Between 3 June and 1 July, 2005 I collected water infiltration rate data inside and outside the following long-term livestock exclosures in southern Arizona: National Audubon Society Research Ranch near Elgin, Buenos Aires National Wildlife Refuge near Sasabee, Chiricahua National Monument near Wilcox, Fort Huachuca Army Base near Sierra Vista and San
Bernardino National Wildlife Refuge near Douglas. These sites span approximately 200 km. All sites are dominated by Thermic Semiarid soils (Tubac-Sonoita-Grabe association at both Chiricauha National Monument and San Bernardino Wildlife Refuge; White House-Bernardino-Hathaway association at the other three sites [Hendricks 1985]). Livestock grazing occurs at present outside each grazing fence (personal observation) and likely has occurred in the vicinity of each site over most of the past century (Bahre 1991).
These sites exhibit great differences in vegetation ranging from dominance by perennial grasses (e.g., Audubon Research Ranch [Bock and Bock 2000]) to dominance by mesquite shrubs (Prosopis glandulosa) (e.g., San Bernardino Wildlife Refuge) (Table 1). P. glandulosa is found at all sites and is commonly associated with the desertification of arid grassland habitats in southwestern North America [Van Auken 2000]. Differences in vegetation across the sites likely result from historic differences in grazing intensity. All sites are at an elevation that historically supported arid grassland habitat [Brown and Lowe 1974; Bahre 1991].

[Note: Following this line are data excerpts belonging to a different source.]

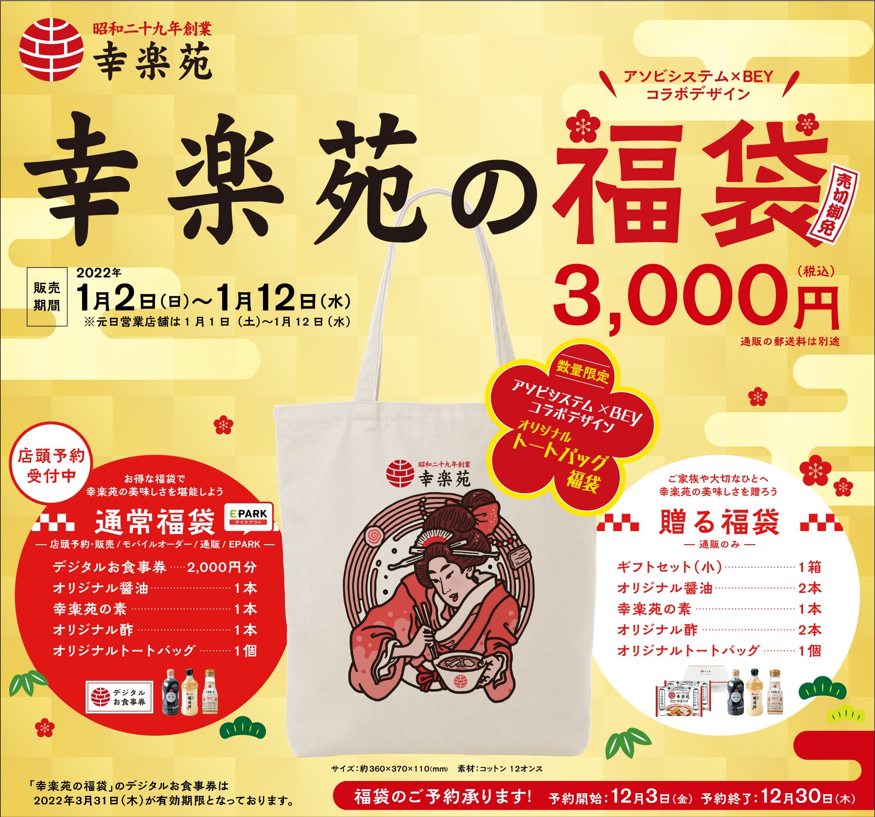 買ってHAPPY!贈ってHAPPY!2022年の「幸楽苑の福袋」2021年12月3日(金)~期間限定で予約開始!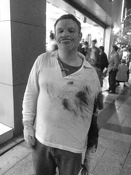10月28日,在大渝网上,一则《沙坪坝惊现断臂哥》的帖子让不少网友感到惊悚,一位左手臂似乎已经断掉并且血迹斑斑的中年男子,脸上却洋溢着怪笑。昨天,记者采访到发帖网友和在渝的美籍留学生,他们称怪面人不是在故意吓唬人,而应该是在过西方的万圣节。
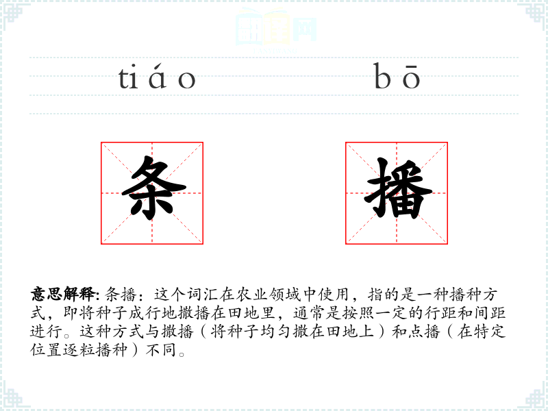 "条播"的意思解释、条播是什么意思由翻译网汉语词典查词提供。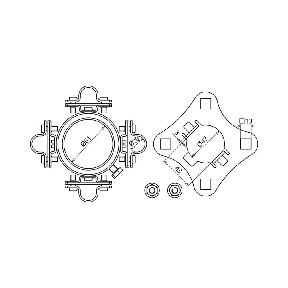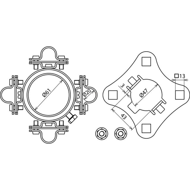Dehn 819294 Rögzítő készlet D 61 mm 4x D 20 mm 4 db támasztócsőn kívül vezetett HVI long szereléséhez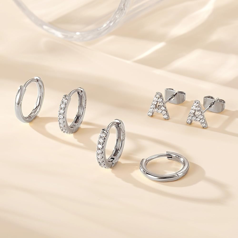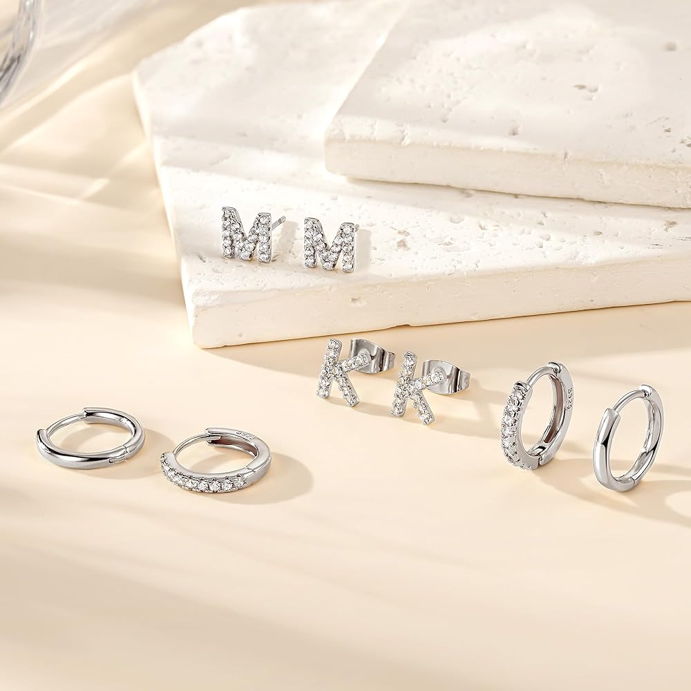 【Gold Earrings Set】: You will get 3 pairs of gold earrings in different styles, including hoop earrings, CZ huggie earrings and initial stud earrings. They are suitable for wearing together or alone, and you can freely combine and match them to wear on different parts of the ears.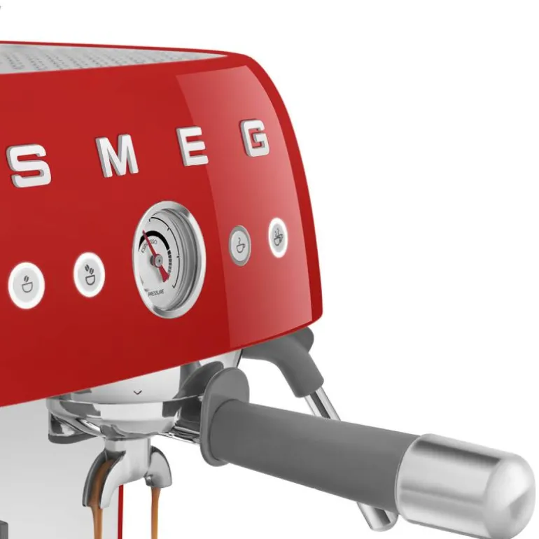 Espressomaskin EGF03 2,4L rød med kaffekvern er et elegant tilskudd til enhver kaffeelskers kjøkken. Denne espressomaskinen er designet med Smegs ikoniske retrostil og innovative teknologi, noe som gjør den til et perfekt valg for de som verdsetter både form og funksjon.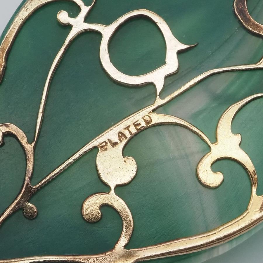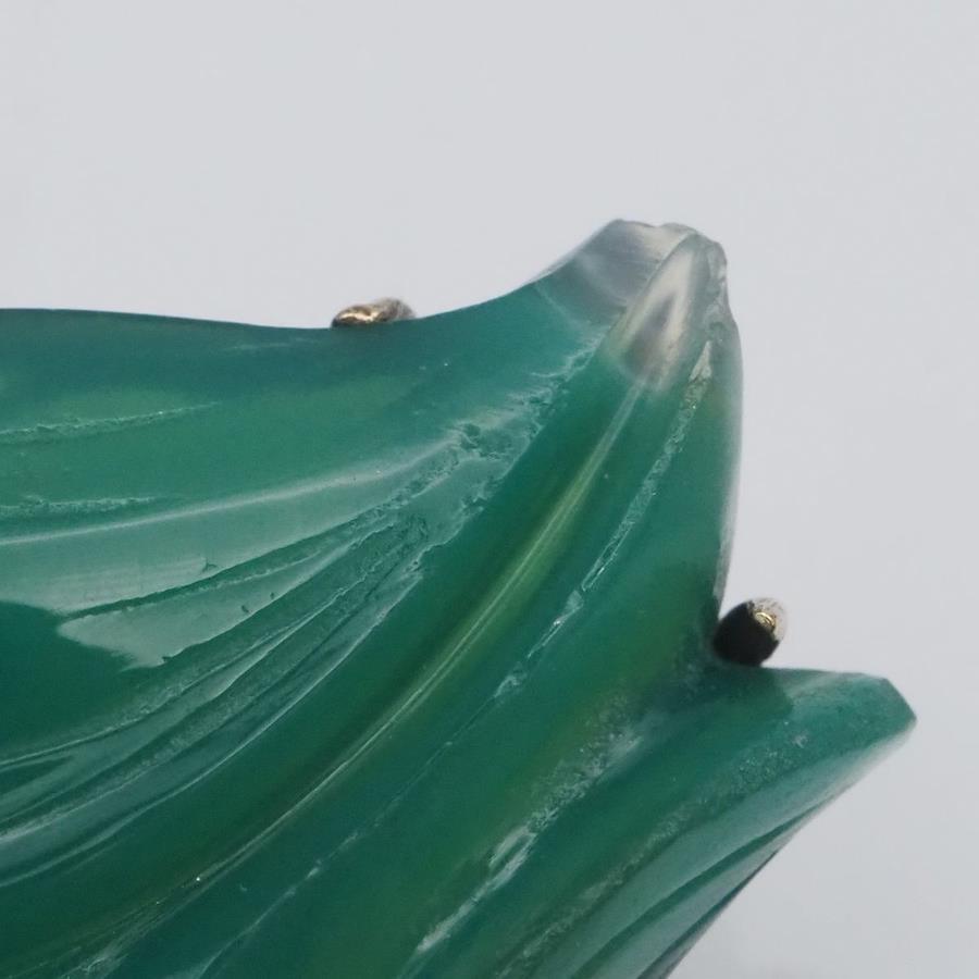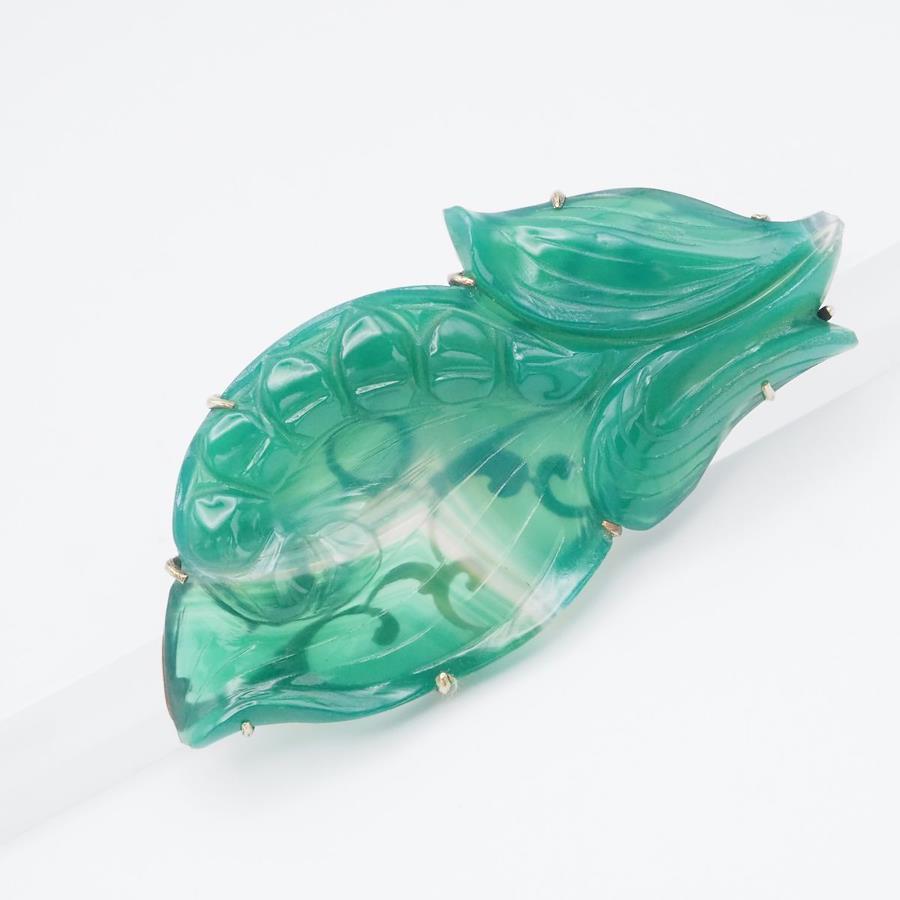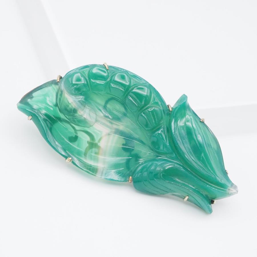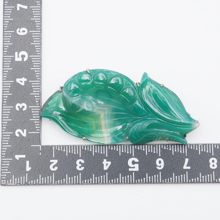 H957 グリーンアゲート 緑瑪瑙 メノウ PLATED刻印 ブローチ 花彫刻 裏細工 デザイン シルバー

At each of these sites, I recorded water infiltration rate over a 10 minute period using a Turf-Tech double ring infiltrometer [Castellano and Valone 2007]. The infiltrometer was placed on level patches of bare soil at paired locations on opposite sides of, and equidistant to, the grazing fence in areas that exhibited similar vegetation composition on both sides of the grazing fence. This yielded 9 - 37 grazed-ungrazed paired locations at each of the five sites (National Audubon Research Ranch: n = 37 locations across the North, East and South boundary fences; Buenos Aires National Wildlife Refuge: n = 9 locations across the West boundary fence; Chiricahua National Monument: n = 19 locations across the West boundary fence; Fort Huachuca Army Base: n = 22 locations across the West boundary fence; San Bernardino National Wildlife Refuge: n = 24 locations across the East boundary fence).
Table 1. A description of the study sites indicating the year the grazing fence was established and the dominant vegetation at present. Grass refers to perennial grass. Shrubs refers to mesquite (P. glandulosa).
Audubon Society Research Ranch 1968
Buenos Aires National Wildlife Refuge
Grass and Shrubs
Chiricahua National Monument
Grass and Shrubs
Fort Huachuca Army Base
Grass and Shrubs
National Wildlife Refuge 1980
All locations were more than 10 m from the fence and adjacent locations were separated by at least 10 m. At each site, all data were collected on the same day within a 3 hour period to minimize differences in abiotic conditions during data collection (e.g., soil moisture and temperature). All data were collected during the dry season when soil was dry to a depth of greater than 10 cm (personal observation). At each site, I compared water infiltration rate values inside (ungrazed) versus outside (grazed) the grazing fence using a paired t-test.